27 January 2012

You Can [still] Call Me Gershom


It's been a long couple of weeks since we have been back in the States.

It's been long.

Haitian Market
When I first moved to Haiti, it seemed that for the first few weeks, all I did was fight back the tears.  I would be with the children in the compound and have to go inside because I could feel this great wave of emotion coming over me.  I would be in the store and have to fight back the tears - pretend something was in my eye.  I would be in the truck on the road and have to keep looking out the window so those I was with wouldn't see me crying - but what I saw out the window only made the emotions well up more within.

I was overwhelmed by the lack.  Complete lack.  I had come to the conclusion that the people of Haiti [and I know this is a generalization] had less than nothing.  The poverty was overwhelming to me - this suburban-bred white guy.  They had less than nothing.  If they had food, they shared it; shoes, they shared it; clothes, they shared it; homes, they shared it; tents, shared. Less. Than. Nothing.

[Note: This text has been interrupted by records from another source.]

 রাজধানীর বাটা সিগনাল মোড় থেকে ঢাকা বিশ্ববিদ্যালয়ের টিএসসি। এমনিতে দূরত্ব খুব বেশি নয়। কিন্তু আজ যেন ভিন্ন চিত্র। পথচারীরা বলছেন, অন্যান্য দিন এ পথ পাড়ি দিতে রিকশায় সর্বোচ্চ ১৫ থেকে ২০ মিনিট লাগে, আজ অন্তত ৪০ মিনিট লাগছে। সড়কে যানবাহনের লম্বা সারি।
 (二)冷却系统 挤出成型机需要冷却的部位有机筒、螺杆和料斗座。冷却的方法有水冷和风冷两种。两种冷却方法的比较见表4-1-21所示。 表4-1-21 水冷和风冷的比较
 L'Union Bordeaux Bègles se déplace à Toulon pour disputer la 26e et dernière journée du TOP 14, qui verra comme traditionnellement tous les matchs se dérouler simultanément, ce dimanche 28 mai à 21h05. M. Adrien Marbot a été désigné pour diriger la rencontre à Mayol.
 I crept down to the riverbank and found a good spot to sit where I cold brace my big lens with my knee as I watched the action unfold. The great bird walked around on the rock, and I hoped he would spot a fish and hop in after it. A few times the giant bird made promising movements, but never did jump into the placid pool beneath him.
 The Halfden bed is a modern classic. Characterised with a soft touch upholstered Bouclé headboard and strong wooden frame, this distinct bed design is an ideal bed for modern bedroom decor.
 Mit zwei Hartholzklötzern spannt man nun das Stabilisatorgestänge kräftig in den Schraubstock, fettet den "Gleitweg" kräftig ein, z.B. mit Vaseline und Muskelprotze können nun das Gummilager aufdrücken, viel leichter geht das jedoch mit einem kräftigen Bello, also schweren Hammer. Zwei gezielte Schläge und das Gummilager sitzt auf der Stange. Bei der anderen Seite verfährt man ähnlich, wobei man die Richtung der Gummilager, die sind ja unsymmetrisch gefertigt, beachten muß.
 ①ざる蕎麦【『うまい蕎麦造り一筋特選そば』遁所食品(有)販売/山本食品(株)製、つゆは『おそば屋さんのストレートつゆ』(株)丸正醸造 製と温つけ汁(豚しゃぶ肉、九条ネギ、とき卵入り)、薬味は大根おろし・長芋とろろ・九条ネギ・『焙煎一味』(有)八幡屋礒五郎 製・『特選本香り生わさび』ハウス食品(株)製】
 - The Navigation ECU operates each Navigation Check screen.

What really got to me was that they [another generalization] were happy.

That was then.

That was culture shock.

Fast forward to present-day America.

When we came back a few months ago - and the short of-necessity trips we've made in the past year and a half, we knew when we were going back.  This more recent trip carries no defined return date and therefore has a greater sense of permanence, and so, a greater effect on us.

American Shopping Center
When we came back this time, it seemed for these first couple of weeks, all I did was fight back the tears.  I would be with my family and have to go to a different room because of the wave of emotion coming over me.  I would be in WalMart and have to fight back the tears - pretend something was in my eye.  I would be in the car, on the road and have to keep wiping my eyes so that I could see to drive.  But trying to keep it in only made it well up more within.

I am overwhelmed by the lack.  The lack of ... lack.  Complete lack of lack.  I have come to the conclusion that the people of the USA [another generalization] have more than enough.  The over-abundance is overwhelming to me - this suburban-bred, but Haiti-experienced blan (creole for white guy).  They have more than enough.  They don't share much.  Too much food, they throw it out; old shoes, send them to Haiti.  How many types of popcorn or cookies can one family need?  Pantries full.  And if you can't afford it, your government will buy your food for you.  So many cars.  So many choices.  If WalMart doesn't have what you need, maybe Kmart, or Target, or Staples, or Marshalls, or ....

What really gets to me is that they [another generalization] are so unhappy.

That is now.

That is reverse culture shock.

I'm not sure who is better off.  Many of you would easily say, "Oh, we are way better off."  I'm not so sure about that.

And she bare him a son, and he called his name Gershom: for he said, I have been a stranger in a strange land.